Country music superstar Kenny Rogers, who passed away at age 81 in March, sang a song that resonates with millions of men around the world. The song, the title track from his 2006 album “Water and Bridges,” tells the story of a father’s grief following an abortion. Although abortion activists wrongly portray abortion as a “women’s” issue, the reality is that an abortion decision affects every member of a family and community.
Rogers told CNN at the time of the album’s release that the story in the song was “really about choices you make when you’re young that you pay for when you’re old.” Rogers explained about the song, “It starts off with a young couple who have an abortion. And the guy says, ‘If a father could hold his son, I could undo what’s been done, but I guess everyone is living with water and bridges.’”

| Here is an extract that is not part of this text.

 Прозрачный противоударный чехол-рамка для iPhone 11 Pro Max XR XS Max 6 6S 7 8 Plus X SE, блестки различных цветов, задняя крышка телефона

The song follows a young couple facing an unplanned pregnancy and the couple’s decision to end their baby’s life in an abortion. The song opens, “I was young, so was she / Life didn’t stay a mystery / For very long / We could do no wrong.” The story continues, “When she called, said she was late / So we took a little drive upstate / And took care of that / Yeah, just took care of that.”
The decision of the young couple is portrayed so cavalierly and flippantly, but the father looking back at the decision later in life is filled with regret. Rogers sings, “But now I’m lookin’ back at some of my decisions / Now that it’s much too late to change / How a father could have held his son / If I could undo what’s been done / But I guess everyone is living with water and bridges.”

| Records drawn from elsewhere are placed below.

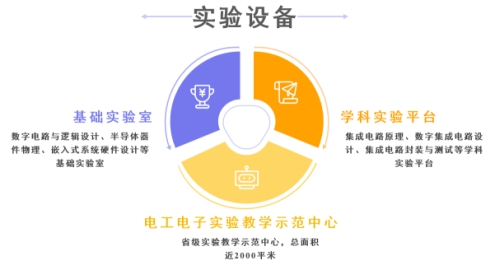 本专业拥有电路、电子线路、数字电路与逻辑设计、信号与系统、数字信号处理、半导体器件物理、微机原理与单片机技术、嵌入式系统硬件设计、微处理器组成与系统结构等基础实验室,集成电路原理、模拟集成电路设计、数字集成电路设计、半导体制造工艺、集成电路封装与测试等学科实验平台,其中电工电子实验教学示范中心是省级实验教学示范中心,总面积近2000平米。
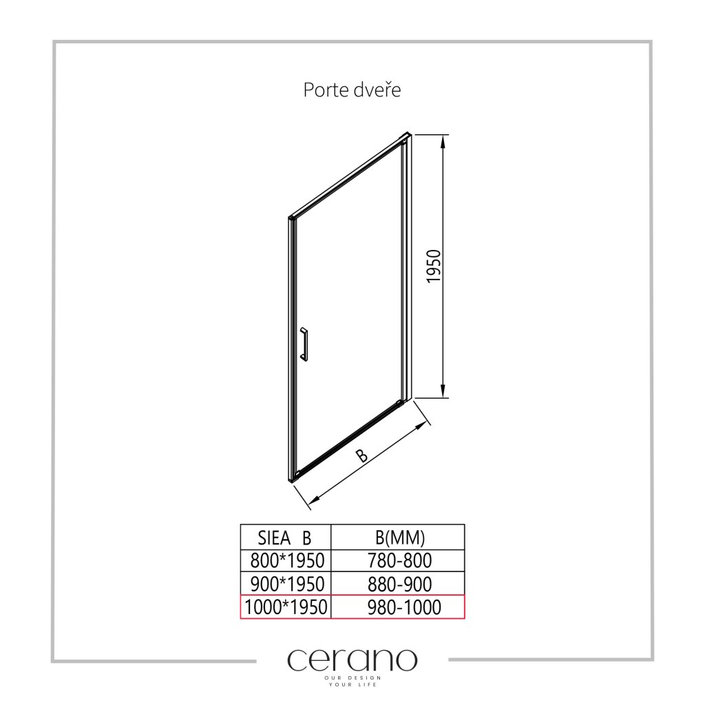 Cerano Porte, usa de dus cu 1 canat 100x195 cm, sticla transparenta 8mm, profil cromat, CER-CER-413480
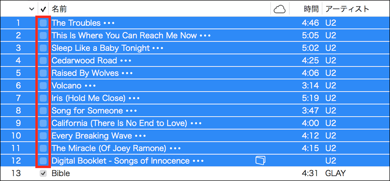 複数項目に対して同時にチェックを外す方法が分かりません。
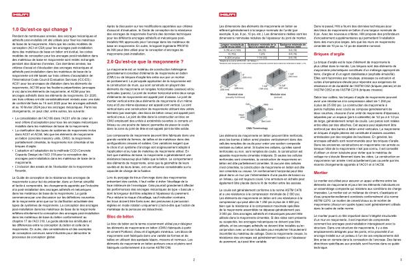 Le Guide de conception de la résistance des ancrages de maçonnerie a pour but de présenter, dans un format simplifié et facile à comprendre, les changements apportés par l ' industrie à la post-installation des ancrages adhésifs et mécaniques dans les matériaux de base de la maçonnerie. Le guide commencera par une discussion sur les définitions courantes de la maçonnerie ainsi que sur la clarification actualisée des types de systèmes de maçonnerie. La conception des ancrages post-installation dans les matériaux de base de la maçonnerie reflétera étroitement la conception des ancrages post-installation dans les matériaux de base du béton conformément au chapitre 17 de l’ ACI 318. Le guide aborde les similitudes et les différences entre la conception du béton et celle de la maçonnerie. En outre, des considérations et des exemples de conception communs seront illustrés pour démontrer le processus de conception global.
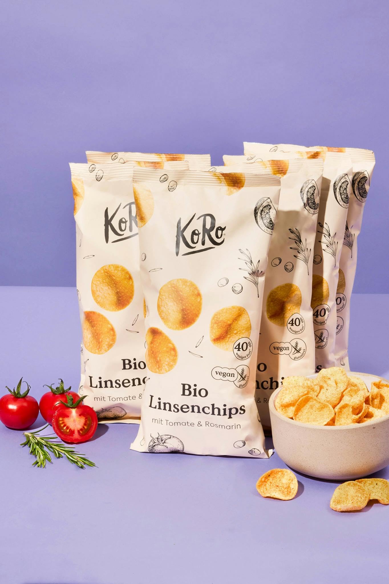Discover KoRo's delicious tomato and rosemary flavored lentil chips: an organic and vegan alternative to potato chips that's still tasty and crunchy. Perfect for appetizers, picnics, and movie nights, order these organic tomato and rosemary lentil chips! KoRo offers a wide selection of favorite foods in bulk. This not only saves on packaging materials and costs but also ensures long-term enjoyment of innovative snacks, superfoods, and cooking and baking ingredients. The Berlin-based company is constantly striving to expand its product range and source its ingredients as close to the source as possible.
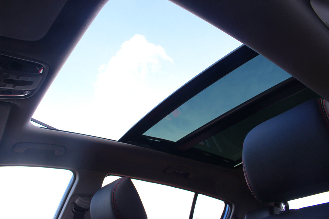 头顶上的全景天窗采光面积较大,并且能上掀式打开。
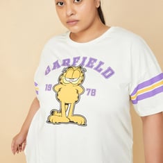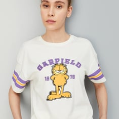 Get that relaxed yet stylish look with this T-shirt. Featuring a Garfield print, round neckline, and half sleeves.
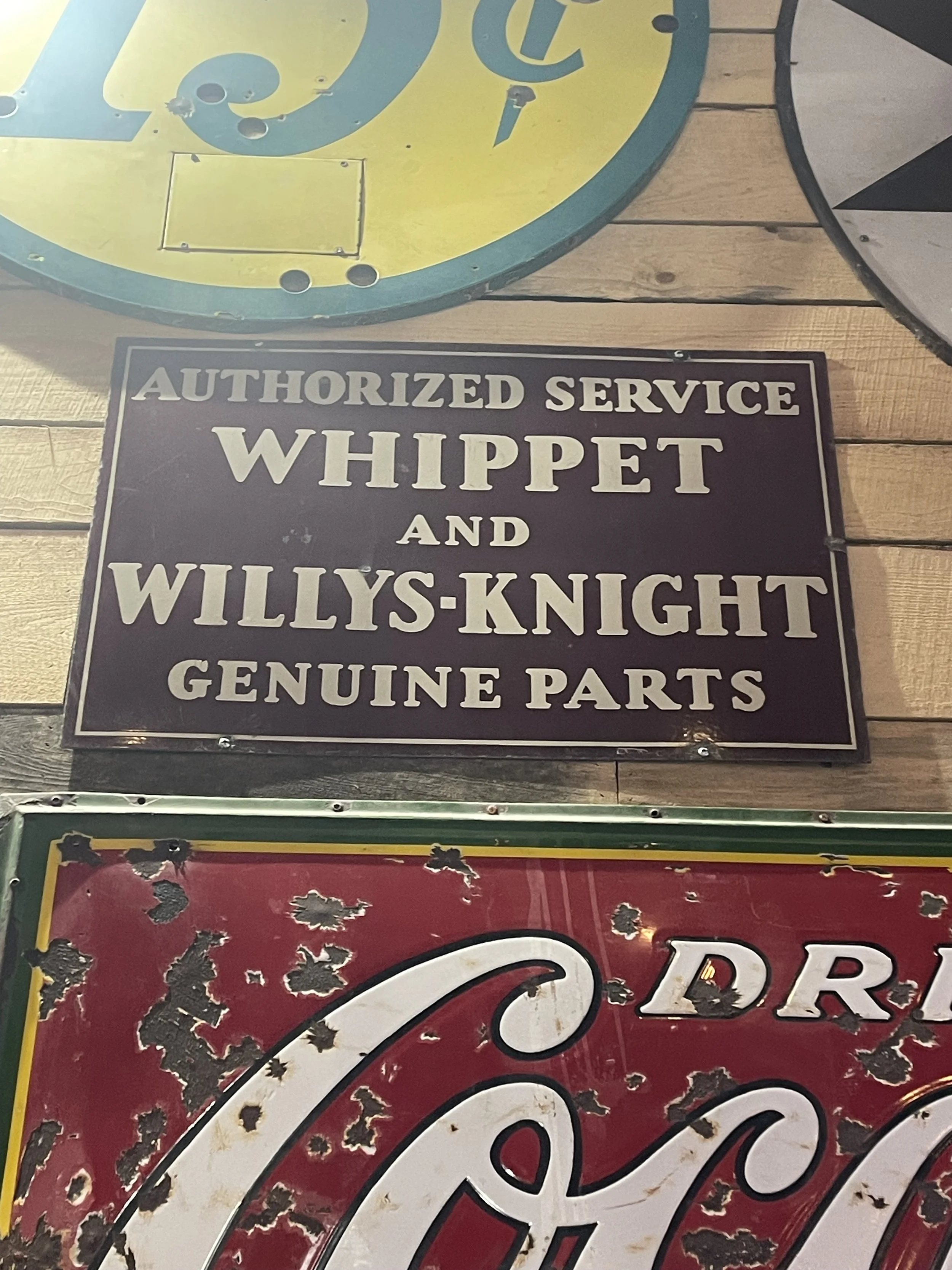 This is an original sign we purchased of f of Ebay. We have had it many years and found the perfect space to place it in the museum. We like almost anything old and that has something to do oikWhippet and Willys Knight was and Antique car that was made in the 20s and 30s. We just liked the sign so bought it.

Although Rogers chose the song because he seemed to feel the message would resonate with listeners, he did not write the lyrics. The song was the work of country music writer Craig Wiseman. Wiseman said of himself, “I’m not a songwriter. I’m just a writer.” He explained, “You observe the stuff everybody observes — what makes people point at the radio and go, ‘Exactly!’ ‘Man, that’s just how it was.”’ The prevalence of abortion since the legalization of elective abortion in our nation and many nations around the world means that, sadly, many fathers can likely relate to the song and the pain expressed by the singer.
Rogers explained why he was drawn to Wiseman’s work, saying, “Music should do one of three things: it should make you laugh, make you cry, or make you think.” There is no doubt that “Water and Bridges” succeeds in making people cry and think about an abortion decision in a way that moves beyond the oversimplification and empty rhetoric of the abortion industry. Although the mainstream media has cooperated with the abortion industry in spreading the lie that abortion is a “woman’s right,” the gruesome reality of abortion is that the violent procedure ends a unique human life and often irrevocably damages the lives of everyone around that child.
Other artists have written and performed songs about abortion regret, many of them deeply and painfully personal, but there are only rare examples of men’s stories of abortion regret. Despite the near total silence in popular culture about a father’s abortion regret, there is evidence that many men feel intense grief and regret in the years and decades following an abortion decision. The pain can be particularly intense because many fathers have no legal recourse to protect their preborn babies if the mother decides to undergo an elective abortion.
Describing his girlfriend’s decision to undergo an abortion, one father said, “I didn’t know how I was going to survive; I wasn’t going to jump off a bridge, but I probably would have drank myself to death.” He added, “I’ve thought about what happened every day for the last 32 years.” Other fathers similarly report that following an abortion decision, even one they proposed, they were left “depressed” and with “deep scars” and “guilt.”
Rogers will be remembered for his decades of country music. He also leaves a legacy in a raw and emotional song expressing what is so often ignored in our culture: a father’s pain following the death of his child in an abortion.